When the data below is printed, every line must match exactly and the images must be absent.

### EXERCISE DATA:
_____
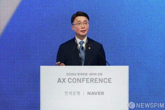 [서울=뉴스핌] 류제명 과학기술정보통신부 2차관이 21일 오후 서울시 중구 한국은행에서 열린 ‘한국은행-네이버 공동 AX 컨퍼런스’에서 기조연설을 발표하고 있다. [사진=한국은행] 2026.01.21 photo@newspim.com |
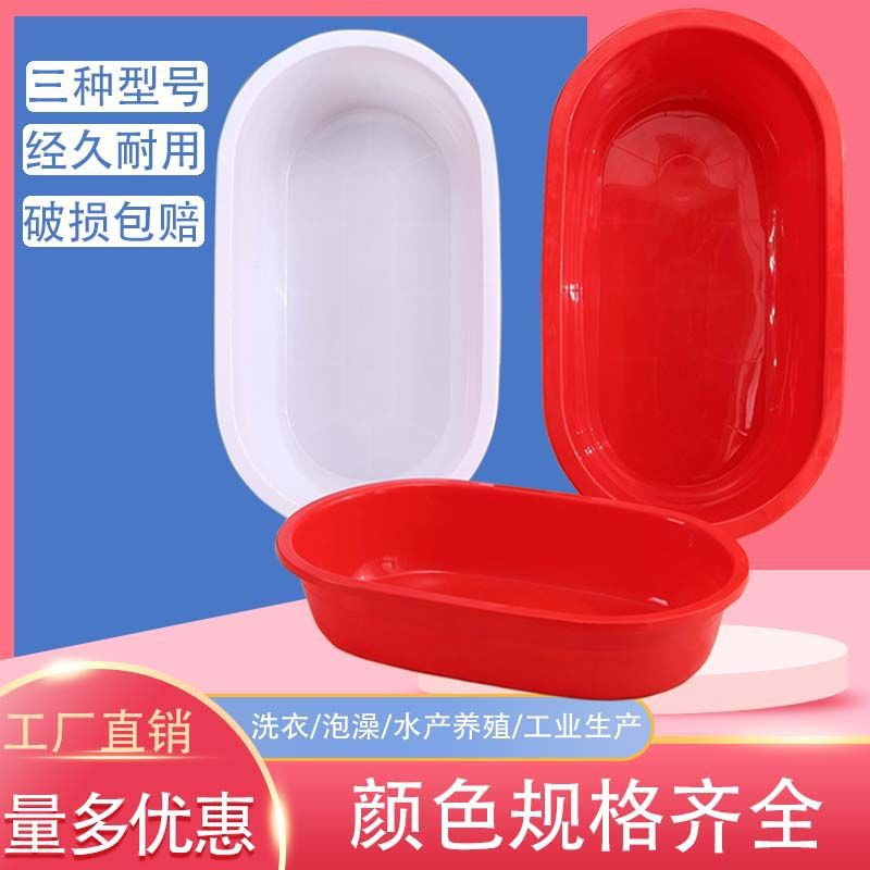 プラスチック製の長い洗面器、大きな厚みのある長方形の洗面器、赤い丸い洗面器、大人と子供用の家庭用浴槽
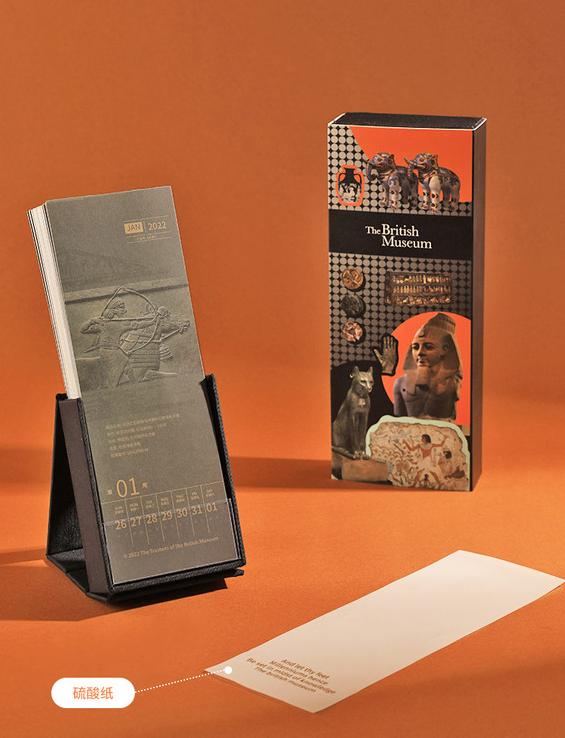 大英博物馆2022年馆藏周历极具特色,极简的设计融入博物馆的馆藏特色,硫酸纸的内页表面烫金博物馆的名言:“愿汝至此千年,徜徉知识圣殿”,大气彰显博物馆的恢弘气势。
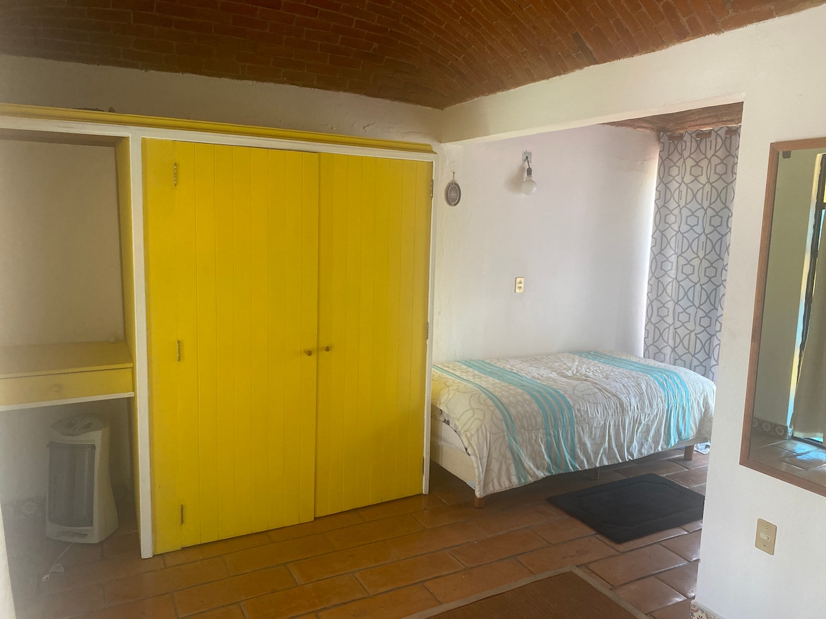 Bungalow for 4 people located in the beautiful cactus garden of a residential house within a private and safe subdivision 15 minutes from the village of Tequisquiapan. Linda terraza με ψησταριά, τεράστιο κήπο με αιώρες και θέα στα θερμοκήπια και τον θεϊκό κήπο. Χώρος στάθμευσης έξω από το σπίτι, προαιρετικό επιπλέον πρωινό, πλυντήριο ρούχων και στεγνωτήριο επίσης επιπλέον προαιρετικά.
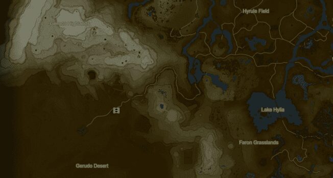 Jetzt führt euch euer Weg weit in den Süden von Hyrule, nämlich in die Gerudo-Wüste, wo ihr nordöstlich der Stadt Gerudo einen Wüstenbasar und damit die vierte Erinnerung findet. Folgt dafür einfach dem Pfad aus der Stadt hinaus nach Nordosten.
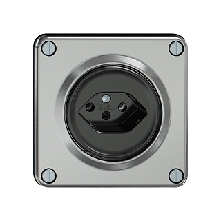 ELEMENT • Presa semplice tipo 13 • 10 A, 250 V AC, L + N + PE • Con morsetti a innesto • Disco frontale 53 mm • Sistema de fissagio SNAPFIX® • Profondità 41 mm • GU.CO.Q.A • alluminio • IP20 • 87 x 87 mm
_____
### RESULT BELOW:
 [서울=뉴스핌] 류제명 과학기술정보통신부 2차관이 21일 오후 서울시 중구 한국은행에서 열린 ‘한국은행-네이버 공동 AX 컨퍼런스’에서 기조연설을 발표하고 있다. [사진=한국은행] 2026.01.21 photo@newspim.com |
 プラスチック製の長い洗面器、大きな厚みのある長方形の洗面器、赤い丸い洗面器、大人と子供用の家庭用浴槽
 大英博物馆2022年馆藏周历极具特色,极简的设计融入博物馆的馆藏特色,硫酸纸的内页表面烫金博物馆的名言:“愿汝至此千年,徜徉知识圣殿”,大气彰显博物馆的恢弘气势。
 Bungalow for 4 people located in the beautiful cactus garden of a residential house within a private and safe subdivision 15 minutes from the village of Tequisquiapan. Linda terraza με ψησταριά, τεράστιο κήπο με αιώρες και θέα στα θερμοκήπια και τον θεϊκό κήπο. Χώρος στάθμευσης έξω από το σπίτι, προαιρετικό επιπλέον πρωινό, πλυντήριο ρούχων και στεγνωτήριο επίσης επιπλέον προαιρετικά.
 Jetzt führt euch euer Weg weit in den Süden von Hyrule, nämlich in die Gerudo-Wüste, wo ihr nordöstlich der Stadt Gerudo einen Wüstenbasar und damit die vierte Erinnerung findet. Folgt dafür einfach dem Pfad aus der Stadt hinaus nach Nordosten.
 ELEMENT • Presa semplice tipo 13 • 10 A, 250 V AC, L + N + PE • Con morsetti a innesto • Disco frontale 53 mm • Sistema de fissagio SNAPFIX® • Profondità 41 mm • GU.CO.Q.A • alluminio • IP20 • 87 x 87 mm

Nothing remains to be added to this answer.